Thanks for all that color. On the LACUTA map, the long-term follow-ups data that you're going to put out in a couple of weeks here, how much of that data is being sought after in your conversations with potential suitors?

That's data that is in the data room that we provide to the companies that are basically under CDA. And that is an important part of the consideration of partner companies because, as I alluded to earlier, and as Sonja alluded to, the data with time continues to get better and significantly better. And that makes the argument or the case around LACUTA map even stronger, which is why FDA gave a BTD designation for the product a couple of months ago. So yes, it's important data.

Thank you. Thank you, Jonathan, and good luck with everything.

Your next question comes from the line of Raj and Sharma with Goldman Sachs. You may go ahead.

Hello. Thanks for taking my question. So I had one on the B7H3 Ankit. I think it's IPH62, which is partnered with Sanofi. It seems like the B7H3 development landscape is becoming quite crowded, so it would be helpful just to get your perspectives on the rationale for the target. And also, if you could just discuss why this may be a better target for the Ankit platform rather than an ADC, which seems to be the modality that most companies are using to target it. Thank you.

Thank you, Raj. And I think Yannis can take this one.

Yeah. Hi, Rajen. So this program is actually the basis of our collaboration expansion with Sanofi in 22. It's a target on which we were working for quite some time at the research level and for which we had a very good and impressive efficacy data in preclinical models. So that's why Sanofi decided to take a license on this one. And then I would say for the mid to long term development strategy, it's more a question for Sanofi. I agree with you that the target is getting more and more attention, especially through the ADC. But having this alternative orthogonal mechanism, which is an immune mechanism with Ankit cells, could be also a very interesting way to target the B7H3.

Thank you, Rajen. Operator, could you go on for further questions? And then I have another question offline.

If you would like to ask a question, please press star 1 on your telephone keypad.

OK. Thank you. So a question I received offline from Osama Dengir at Odo. On financial visibility, does the current financial visibility include the Phase 3 for Lucutumab?

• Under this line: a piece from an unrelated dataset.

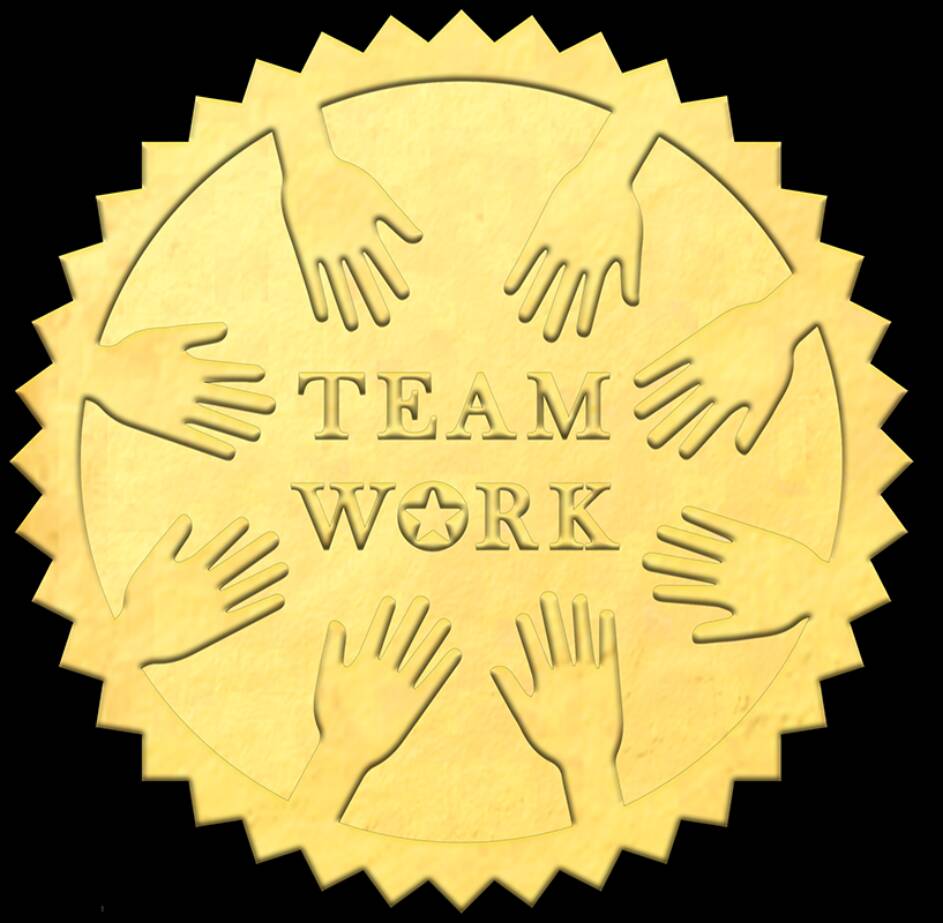 Highlight a job well done with a GOLD foil embossed Team Work certificate seal.

Are you considering financing options? And if yes, what options would be favored in that case? So

maybe I can take this one. So in our current cash runway, it does not include the Phase 3 confirmatory study for Lucutumab. In terms of how we're looking to move forward, our preferred option, I think, as we mentioned, is to establish a partnership where the partner would basically pick up the cost of the confirmatory Phase 3 study. Having said that, what I think we've said many times is we won't do a bad deal for Lucutumab and we won't give this product away because we believe that this has a significant potential in excess of $500 million. It's hitting a very high on medical needs for patients. It has a very good reputation as a product amongst clinical investigators. So we're clearly not going to give this away. So we are exploring alternative options, and you can imagine all of the various alternatives that will be possible. We're looking at those options, and our objective is to have basically a range of options to choose from at the point when we need to initiate the Phase 3 study, either with a partner or finding a way to fund this ourselves if we need to. And that's basically where we're at today. Okay, I think that was it. I think that was the one. There are no more questions. So I'd like to thank you for your attention, and we'll close the call. I wish you all a great day.

Ladies and gentlemen, that concludes today's call. Thank you all for joining. You may now disconnect.